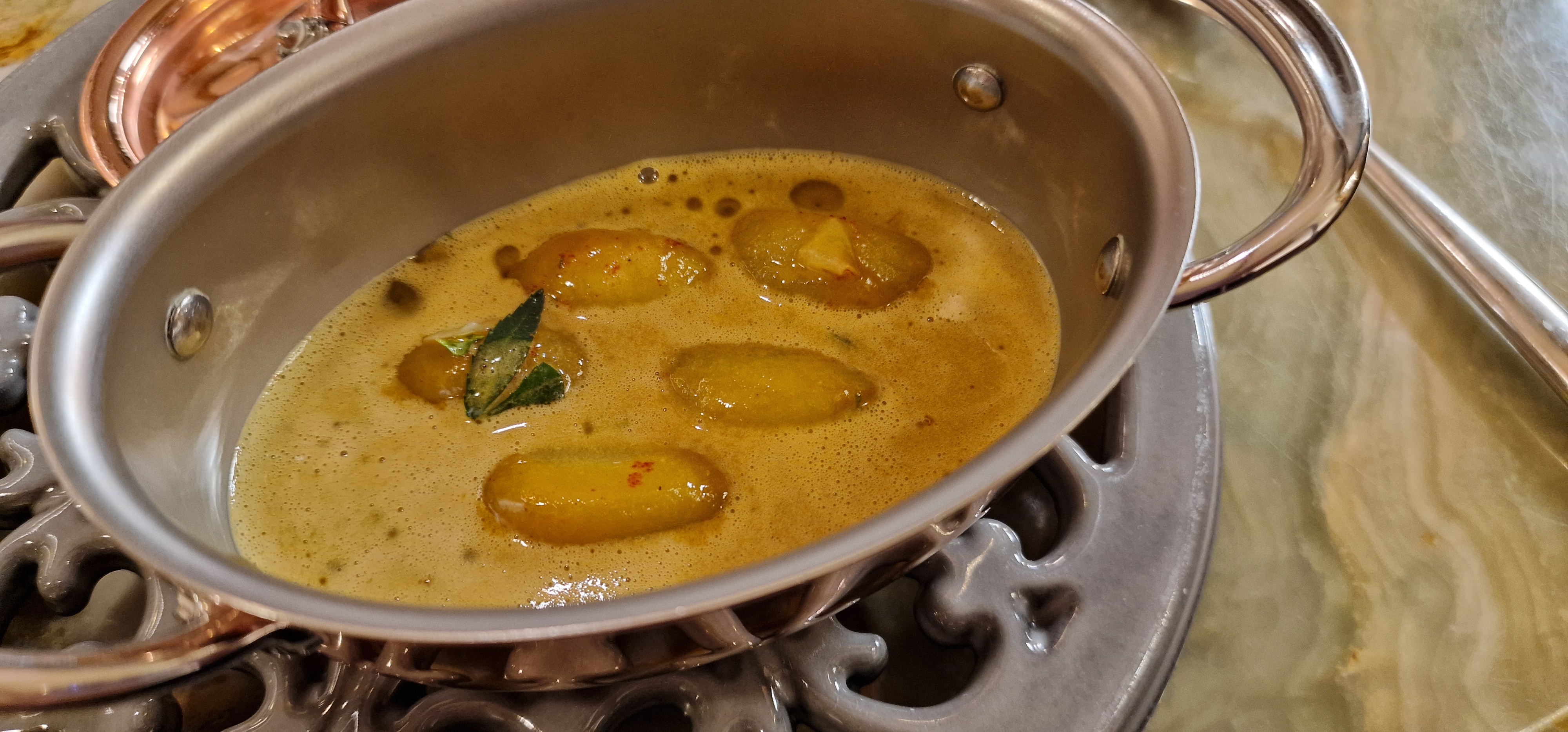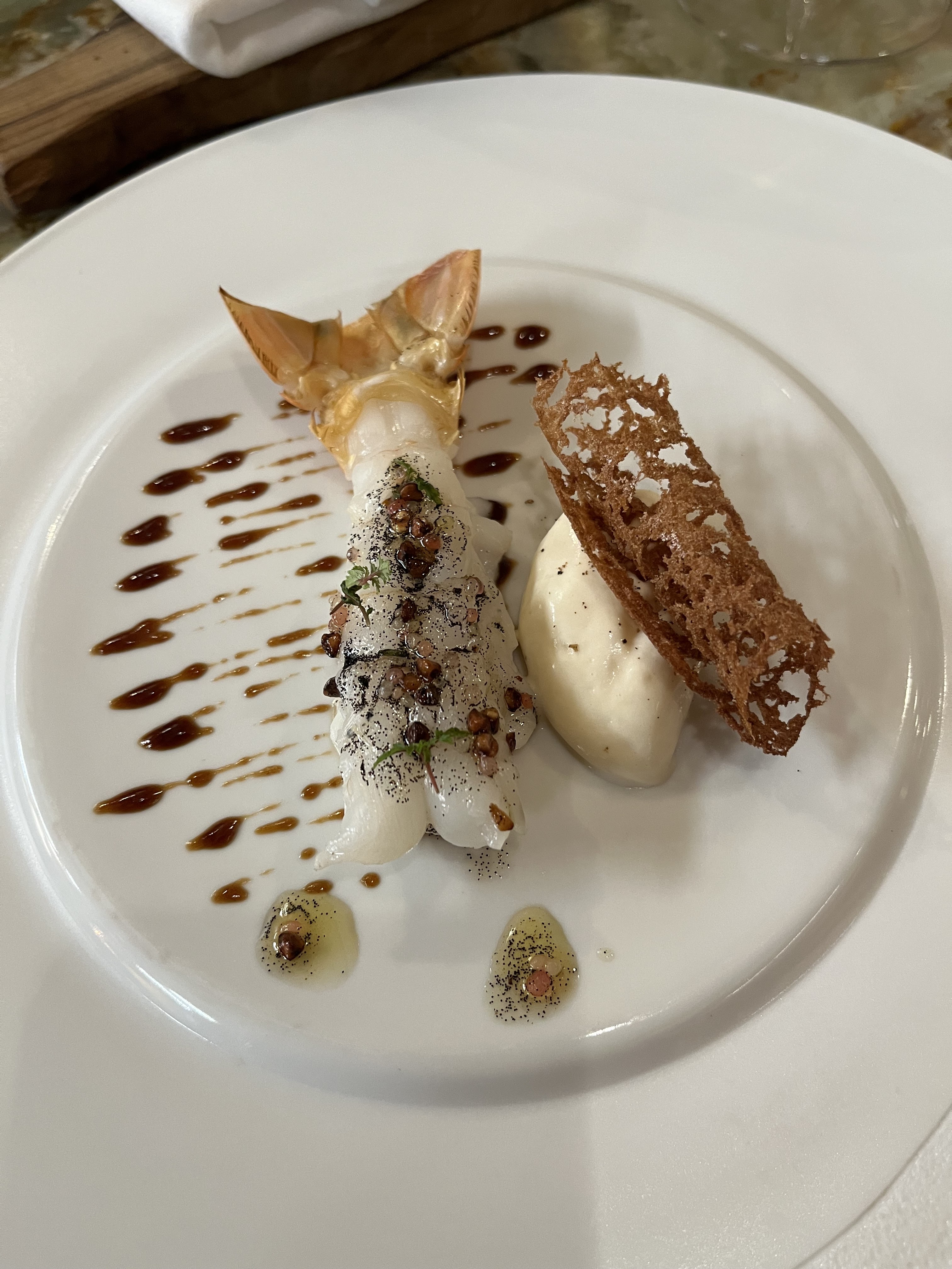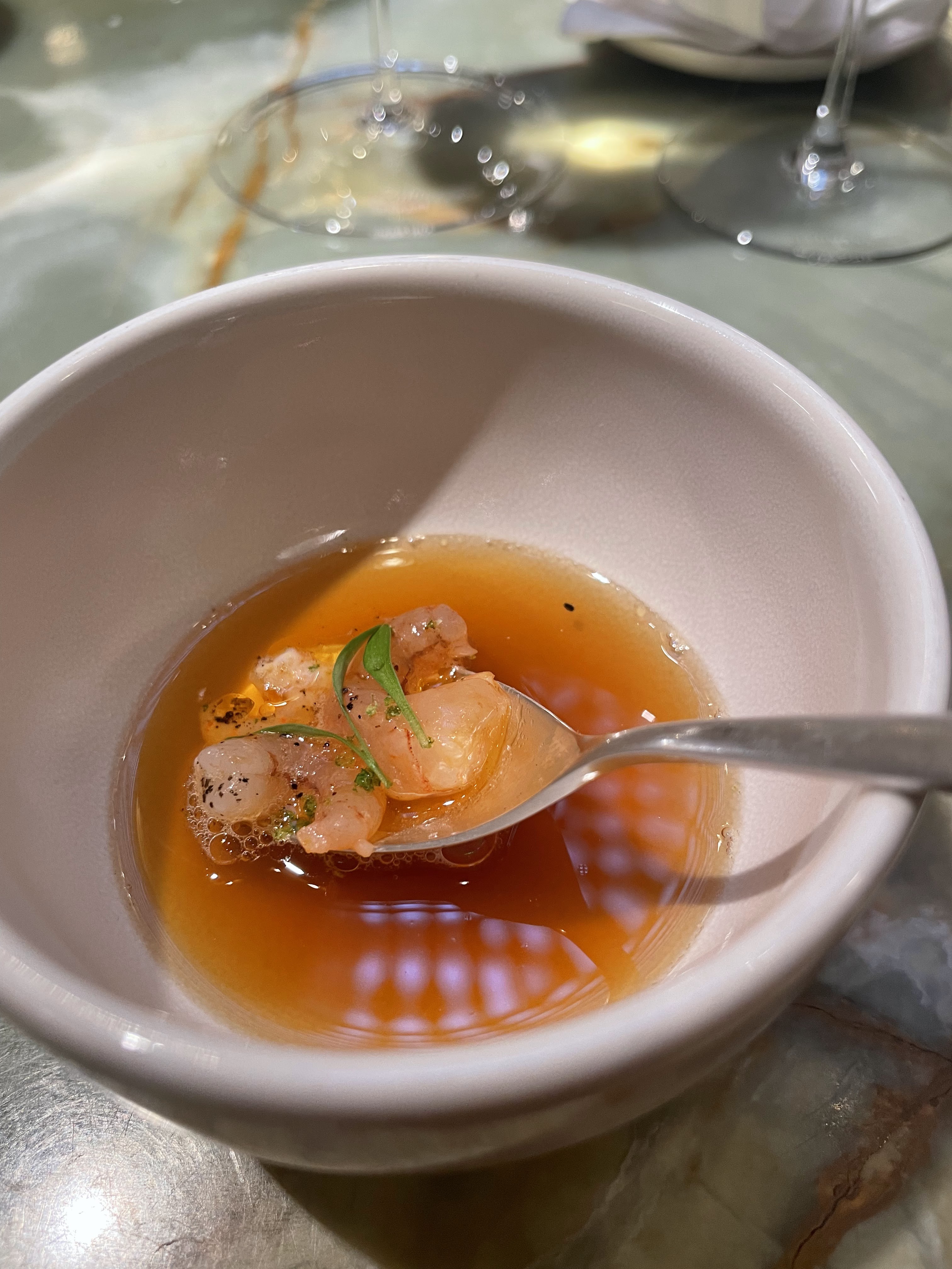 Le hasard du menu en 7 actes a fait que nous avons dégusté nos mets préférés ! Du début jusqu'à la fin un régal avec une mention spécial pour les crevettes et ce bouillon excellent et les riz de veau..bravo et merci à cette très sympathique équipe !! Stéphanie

* * *

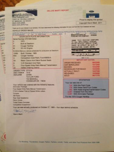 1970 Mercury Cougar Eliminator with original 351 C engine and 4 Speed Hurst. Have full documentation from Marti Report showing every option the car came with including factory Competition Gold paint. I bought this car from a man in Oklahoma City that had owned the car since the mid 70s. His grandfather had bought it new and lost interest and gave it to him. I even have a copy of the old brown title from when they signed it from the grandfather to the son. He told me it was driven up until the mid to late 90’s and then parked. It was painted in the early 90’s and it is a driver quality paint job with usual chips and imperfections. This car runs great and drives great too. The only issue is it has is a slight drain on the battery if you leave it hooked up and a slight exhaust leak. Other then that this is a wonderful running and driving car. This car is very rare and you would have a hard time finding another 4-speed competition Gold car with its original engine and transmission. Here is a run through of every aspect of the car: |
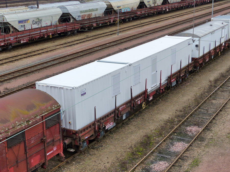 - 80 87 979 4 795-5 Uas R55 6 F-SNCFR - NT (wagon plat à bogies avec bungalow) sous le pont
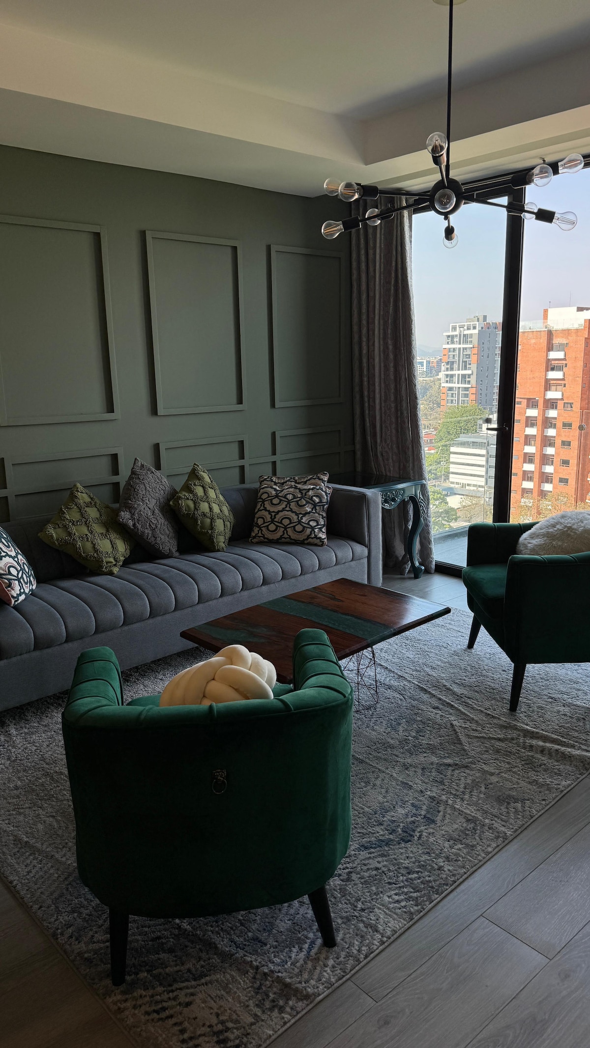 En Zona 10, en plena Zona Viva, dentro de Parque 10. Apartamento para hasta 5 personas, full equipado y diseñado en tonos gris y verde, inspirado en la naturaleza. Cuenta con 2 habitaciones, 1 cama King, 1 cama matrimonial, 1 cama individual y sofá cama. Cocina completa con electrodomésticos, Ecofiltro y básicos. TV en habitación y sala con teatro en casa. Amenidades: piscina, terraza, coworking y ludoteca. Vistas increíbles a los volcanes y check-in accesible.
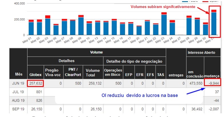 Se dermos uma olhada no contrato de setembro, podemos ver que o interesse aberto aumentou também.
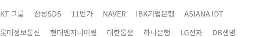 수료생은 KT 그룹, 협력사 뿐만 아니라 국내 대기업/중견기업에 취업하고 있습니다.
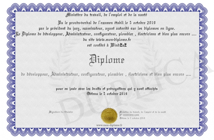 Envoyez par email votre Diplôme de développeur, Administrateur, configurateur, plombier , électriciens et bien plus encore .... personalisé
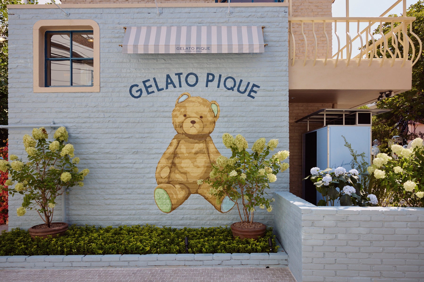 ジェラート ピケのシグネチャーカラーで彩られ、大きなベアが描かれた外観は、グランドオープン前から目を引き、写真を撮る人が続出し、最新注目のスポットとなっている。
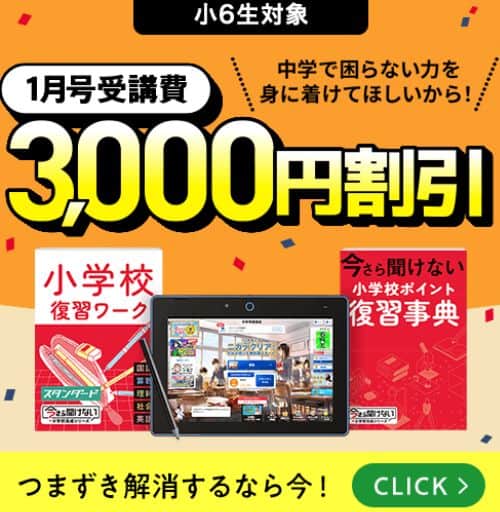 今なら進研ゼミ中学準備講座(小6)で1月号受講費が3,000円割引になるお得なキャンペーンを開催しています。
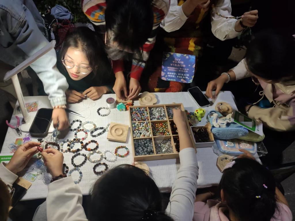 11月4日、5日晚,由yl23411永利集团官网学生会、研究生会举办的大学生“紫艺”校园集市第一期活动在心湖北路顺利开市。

**Activity:**
Working from the data above, repeat exactly, and only, the lines that begin at the line containing "En Zona 10, en" and stop after the line containing "11月4日、5日晚,由yl2"; pictures are not copied.

**Solution for this problem:**
 En Zona 10, en plena Zona Viva, dentro de Parque 10. Apartamento para hasta 5 personas, full equipado y diseñado en tonos gris y verde, inspirado en la naturaleza. Cuenta con 2 habitaciones, 1 cama King, 1 cama matrimonial, 1 cama individual y sofá cama. Cocina completa con electrodomésticos, Ecofiltro y básicos. TV en habitación y sala con teatro en casa. Amenidades: piscina, terraza, coworking y ludoteca. Vistas increíbles a los volcanes y check-in accesible.
 Se dermos uma olhada no contrato de setembro, podemos ver que o interesse aberto aumentou também.
 수료생은 KT 그룹, 협력사 뿐만 아니라 국내 대기업/중견기업에 취업하고 있습니다.
 Envoyez par email votre Diplôme de développeur, Administrateur, configurateur, plombier , électriciens et bien plus encore .... personalisé
 ジェラート ピケのシグネチャーカラーで彩られ、大きなベアが描かれた外観は、グランドオープン前から目を引き、写真を撮る人が続出し、最新注目のスポットとなっている。
 今なら進研ゼミ中学準備講座(小6)で1月号受講費が3,000円割引になるお得なキャンペーンを開催しています。
 11月4日、5日晚,由yl23411永利集团官网学生会、研究生会举办的大学生“紫艺”校园集市第一期活动在心湖北路顺利开市。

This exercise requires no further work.